**Work task:** Retype exactly the span of lines below from the one with "Vintage Chaudry Red/Pink" through the one with "活动后半程,互动体验感持续拉". Do not include pictures.

**Material to process:**
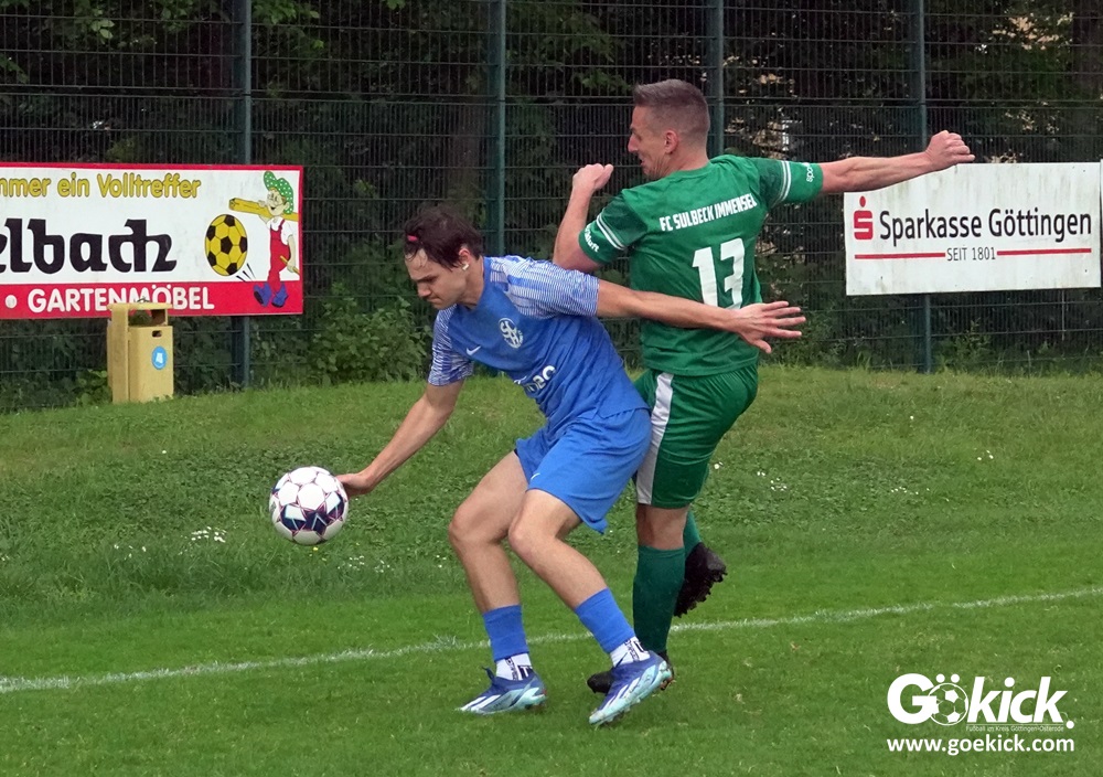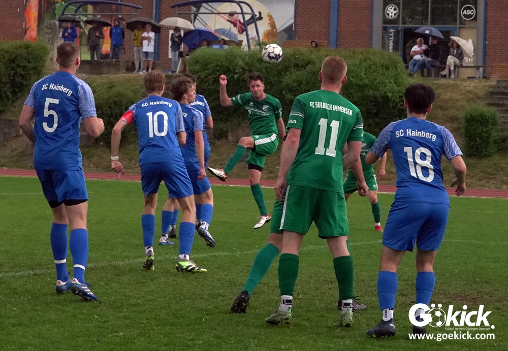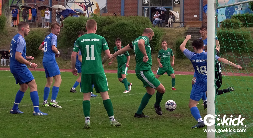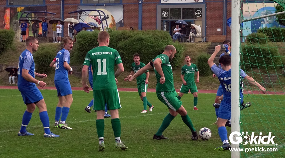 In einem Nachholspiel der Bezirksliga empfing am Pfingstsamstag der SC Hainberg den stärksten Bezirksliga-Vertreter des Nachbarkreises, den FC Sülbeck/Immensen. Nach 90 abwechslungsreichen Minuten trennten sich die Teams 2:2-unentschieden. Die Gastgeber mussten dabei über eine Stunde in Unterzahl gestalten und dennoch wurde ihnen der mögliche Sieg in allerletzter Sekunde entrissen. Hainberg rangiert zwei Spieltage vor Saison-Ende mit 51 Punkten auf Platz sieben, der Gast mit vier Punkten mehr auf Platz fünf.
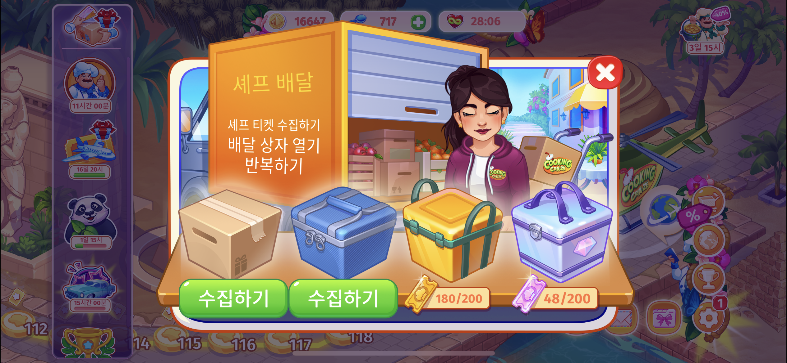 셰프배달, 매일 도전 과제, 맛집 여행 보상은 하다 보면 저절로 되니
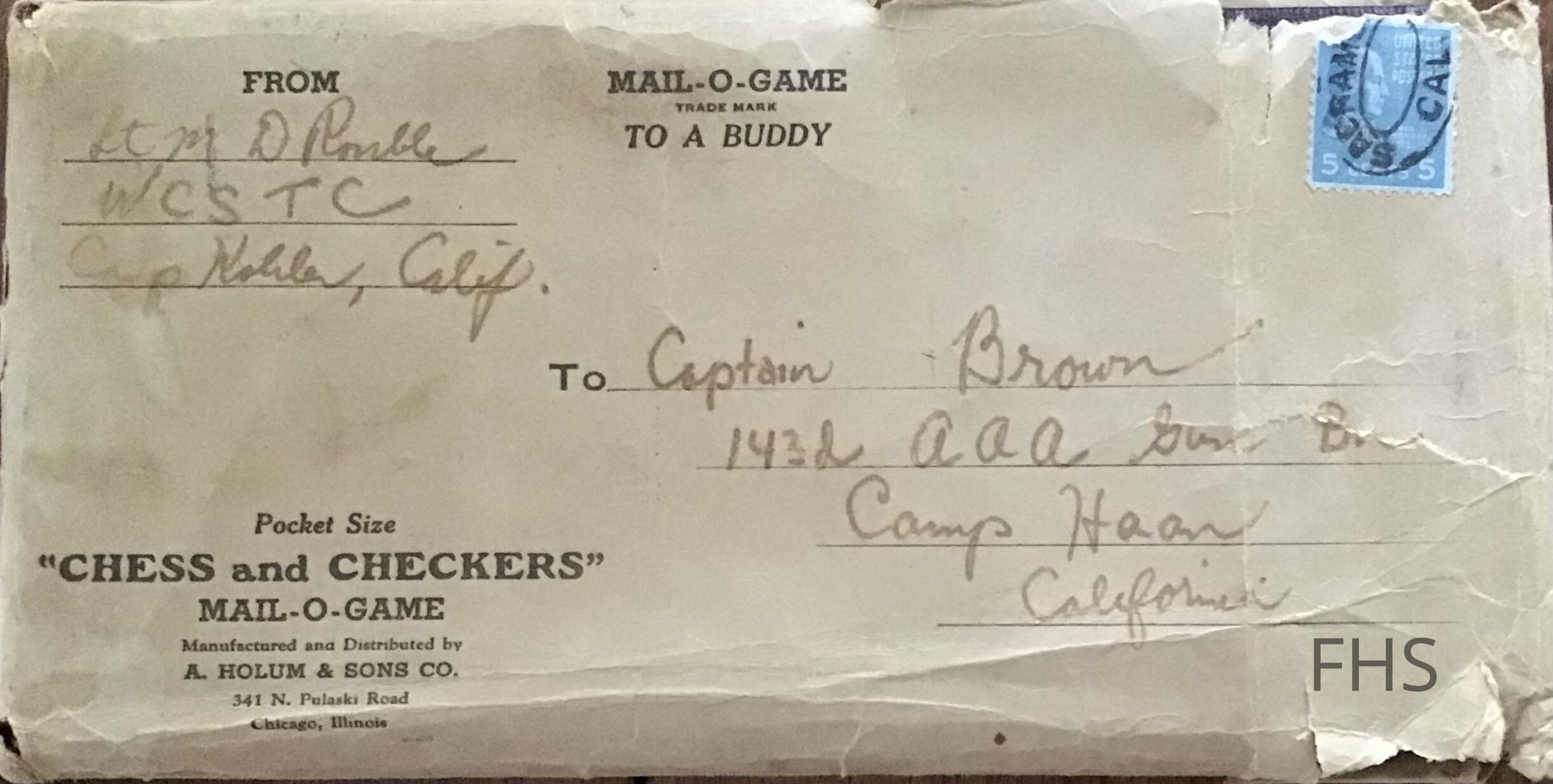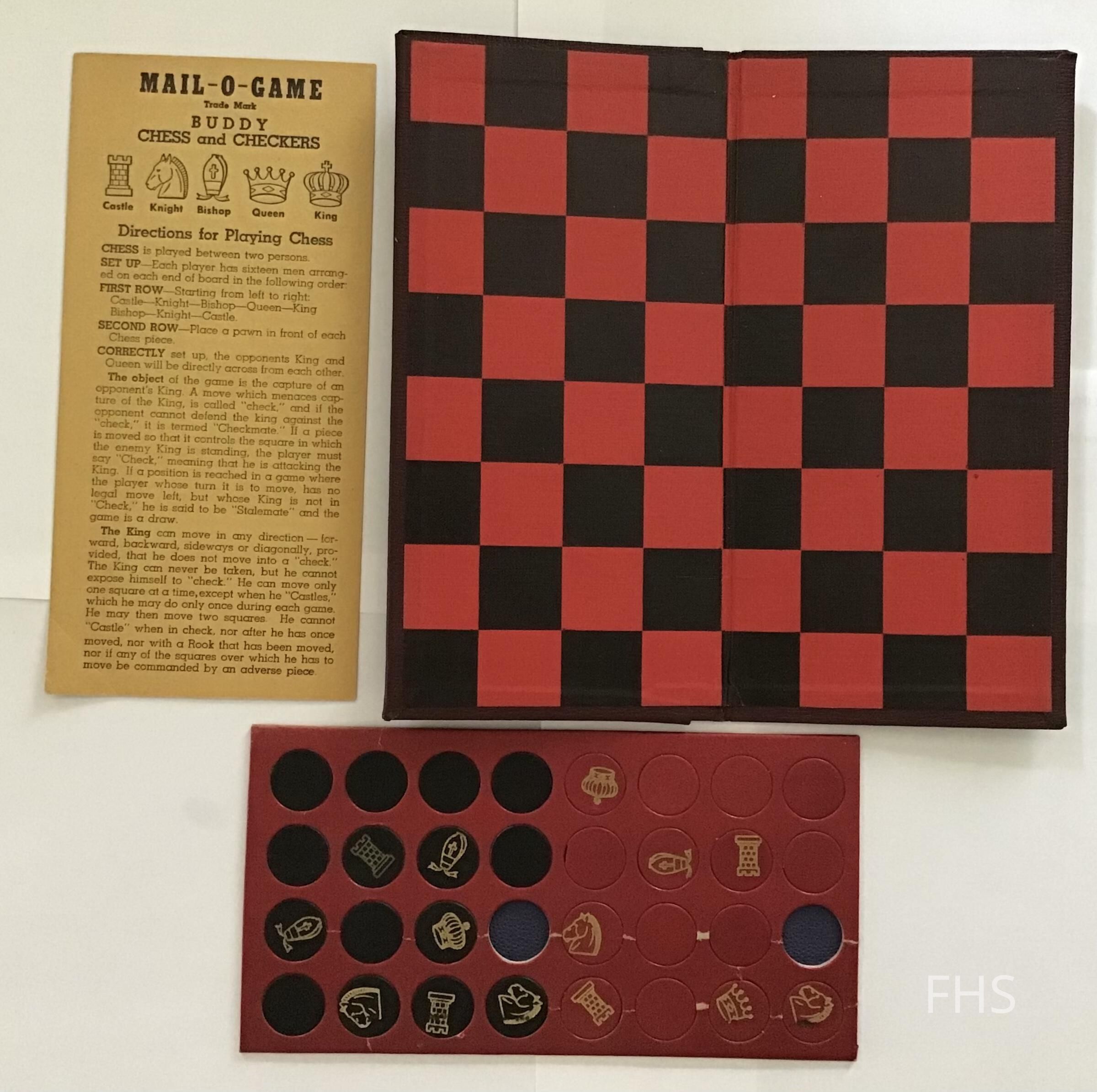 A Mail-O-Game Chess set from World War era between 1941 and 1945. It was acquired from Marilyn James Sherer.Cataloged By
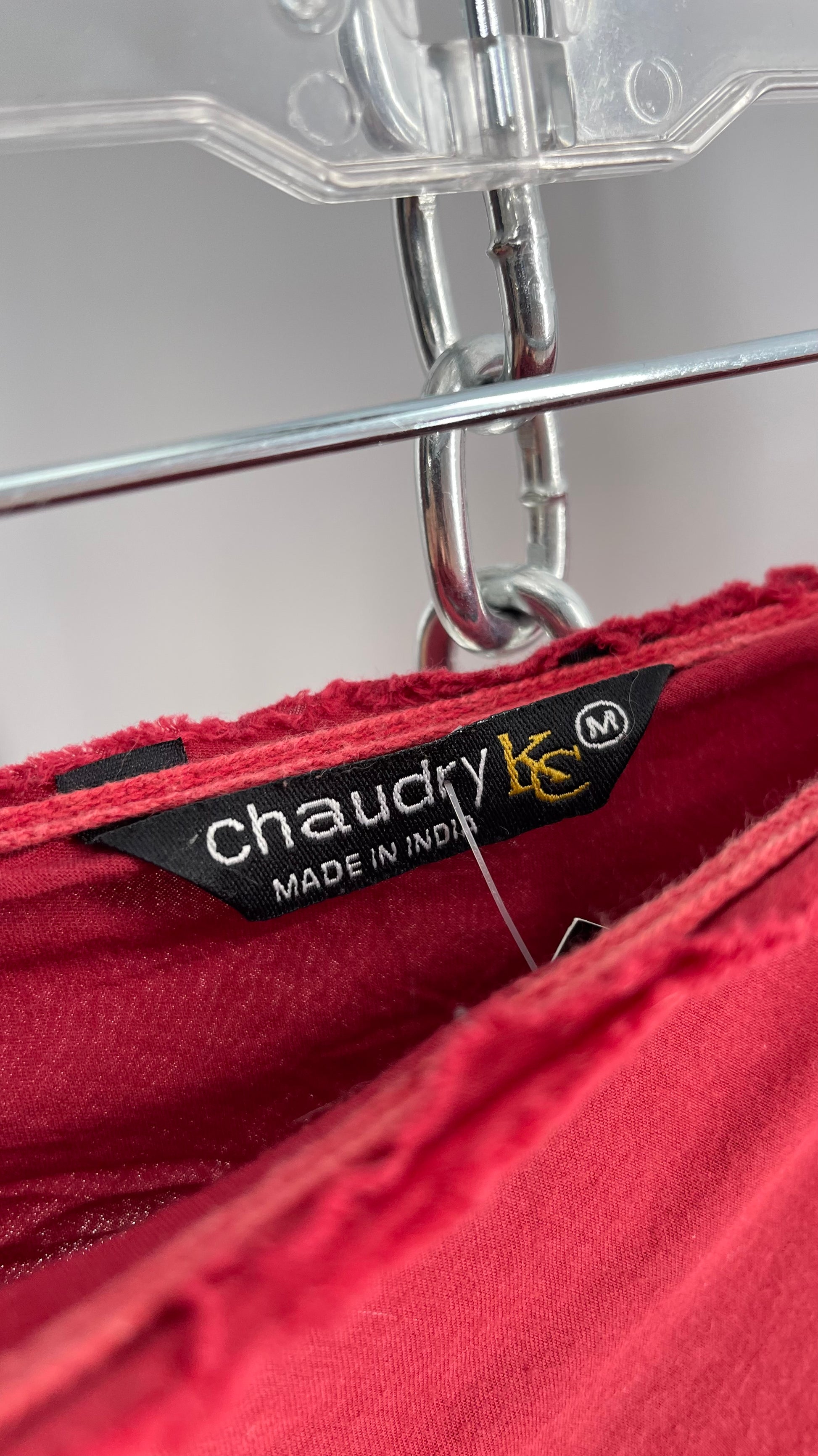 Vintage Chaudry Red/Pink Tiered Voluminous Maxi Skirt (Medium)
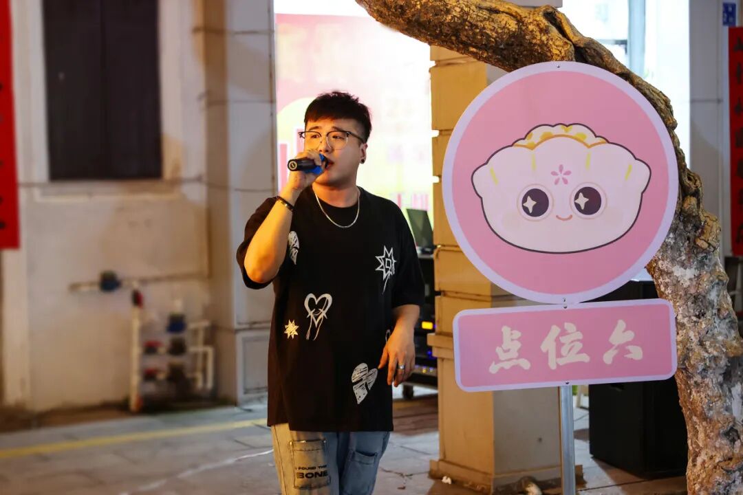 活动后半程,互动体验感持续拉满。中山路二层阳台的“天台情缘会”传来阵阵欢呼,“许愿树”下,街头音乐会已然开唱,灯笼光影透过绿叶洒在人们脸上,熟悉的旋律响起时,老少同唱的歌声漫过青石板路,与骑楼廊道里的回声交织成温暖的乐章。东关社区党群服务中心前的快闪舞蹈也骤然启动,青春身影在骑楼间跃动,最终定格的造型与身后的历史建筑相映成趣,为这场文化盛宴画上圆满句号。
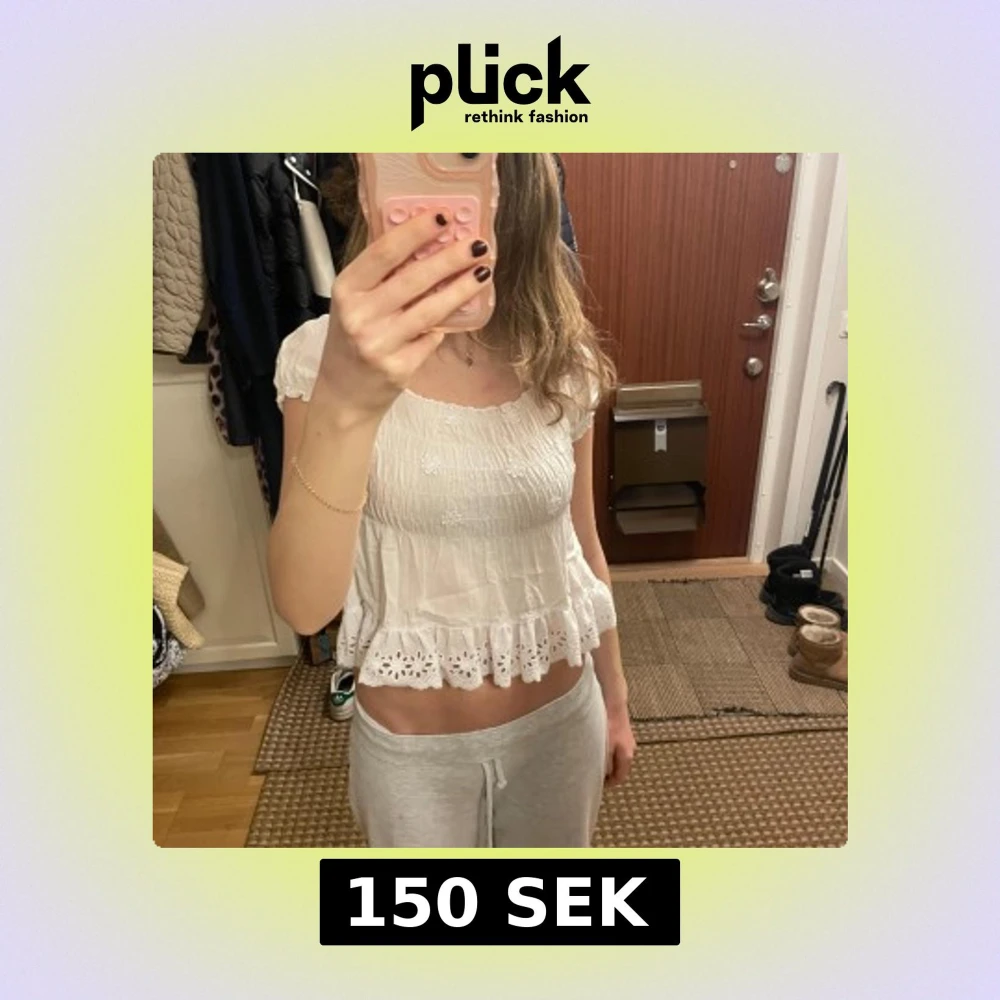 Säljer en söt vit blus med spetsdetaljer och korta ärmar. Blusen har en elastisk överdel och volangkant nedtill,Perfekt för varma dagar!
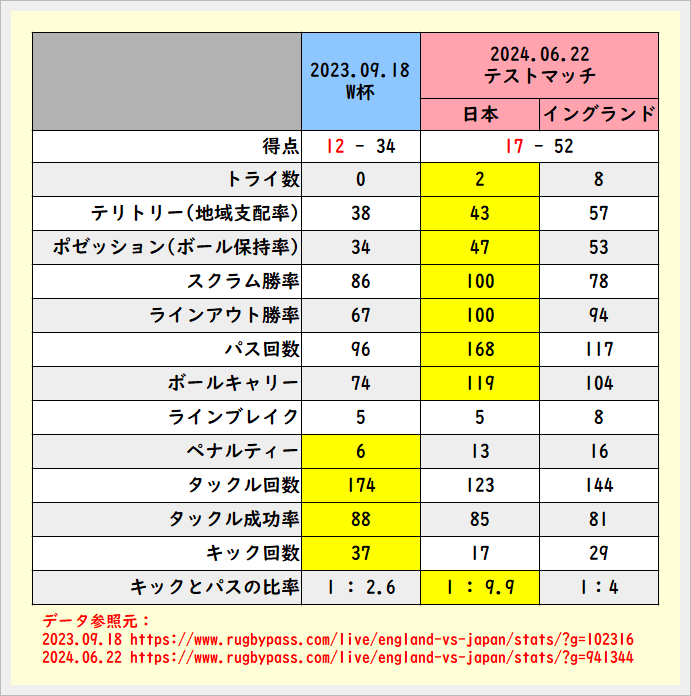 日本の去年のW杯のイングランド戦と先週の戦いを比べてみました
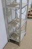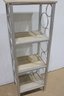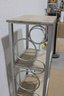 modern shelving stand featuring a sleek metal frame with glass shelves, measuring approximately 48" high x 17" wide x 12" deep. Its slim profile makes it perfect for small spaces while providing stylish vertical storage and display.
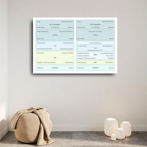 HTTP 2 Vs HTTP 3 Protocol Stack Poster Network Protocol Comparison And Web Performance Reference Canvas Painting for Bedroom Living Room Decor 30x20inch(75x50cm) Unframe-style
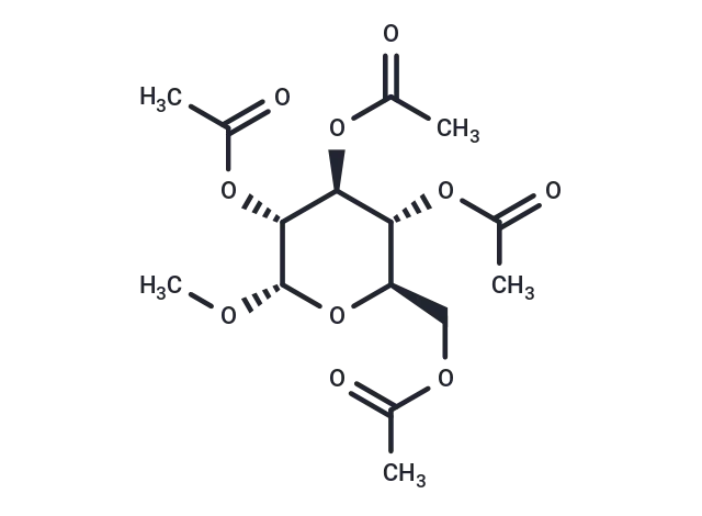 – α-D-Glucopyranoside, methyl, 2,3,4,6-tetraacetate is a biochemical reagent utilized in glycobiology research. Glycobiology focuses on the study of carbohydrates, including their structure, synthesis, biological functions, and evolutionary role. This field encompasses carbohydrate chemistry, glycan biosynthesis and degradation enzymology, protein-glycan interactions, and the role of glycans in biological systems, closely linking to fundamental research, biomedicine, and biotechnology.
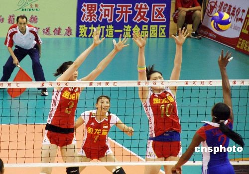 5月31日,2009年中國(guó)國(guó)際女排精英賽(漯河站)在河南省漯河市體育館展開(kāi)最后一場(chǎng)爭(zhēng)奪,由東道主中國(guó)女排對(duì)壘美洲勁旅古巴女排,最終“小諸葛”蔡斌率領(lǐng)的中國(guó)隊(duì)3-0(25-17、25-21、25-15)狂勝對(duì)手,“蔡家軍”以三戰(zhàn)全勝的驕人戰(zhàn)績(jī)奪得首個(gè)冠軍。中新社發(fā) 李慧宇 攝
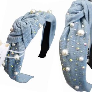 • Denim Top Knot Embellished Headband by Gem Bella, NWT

**Response area:**
 Vintage Chaudry Red/Pink Tiered Voluminous Maxi Skirt (Medium)
 活动后半程,互动体验感持续拉满。中山路二层阳台的“天台情缘会”传来阵阵欢呼,“许愿树”下,街头音乐会已然开唱,灯笼光影透过绿叶洒在人们脸上,熟悉的旋律响起时,老少同唱的歌声漫过青石板路,与骑楼廊道里的回声交织成温暖的乐章。东关社区党群服务中心前的快闪舞蹈也骤然启动,青春身影在骑楼间跃动,最终定格的造型与身后的历史建筑相映成趣,为这场文化盛宴画上圆满句号。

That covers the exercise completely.